As part of the Uneconomics series I'm editing for openDemocracy, I've interviewed the much-acclaimed Andy Haldane of the Bank of England. You can read the interview here.
Much of what he said will be familiar to those who have followed his speeches or read this piece for the London Review of Books. The thrust of it is that institutional systems (such as the banking system) can become locked into certain paths, which are self-reinforcing, and then very difficult to break out of. There is then a role for policy-makers in seeking to understand how such a system came about historically, in the hope of understanding how it might be disentangled. This piece of mine was partly influenced by what I'd read of Haldane.
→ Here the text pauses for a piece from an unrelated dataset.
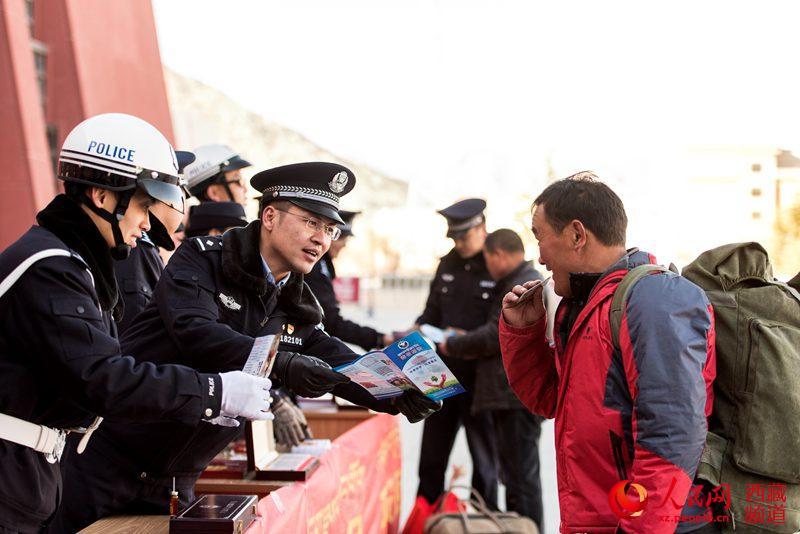春運(yùn)首日,拉薩鐵路公安處干警為旅客群眾做好事達(dá)800余件,為旅客解答問題3000余次,發(fā)放春運(yùn)各類宣傳資料3000余份,全力打造“平安、有序、溫馨”的春運(yùn)環(huán)境。圖為拉薩鐵路公安處民警為旅客講解禁毒常識。圖片來源:人民網(wǎng)

A critique one might make of Haldane is that of all the traditions of heterodox economics that are out there, this one is the most politically inert (of course that's also what gives him the freedom to develop it, from a senior position within a central bank). It lets a lot of people off a lot of hooks. As he states in the interview, nobody deliberately rigged this system to work so badly; nobody takes bad decisions deliberately or for consciously bad reasons. But how true is this? What is going on when the City of London provides 51% of all Conservative Party funding?
I had more questions for Haldane than I was able to ask in the time available. But I now regret not asking him about lobbying, which is a conscious effort to leave a certain 'evolutionary equilibrium' intact, and prevent a new one arising. It seems that this effort to fuse the state and the economic status quo (focused on by Colin Crouch in his book) that is most problematic for Haldane's systems-evolutionary perspective.
Update: The Telegraph have covered the interview, suggesting - a little implausibly - that this interview might land Haldane in trouble with Mervyn King.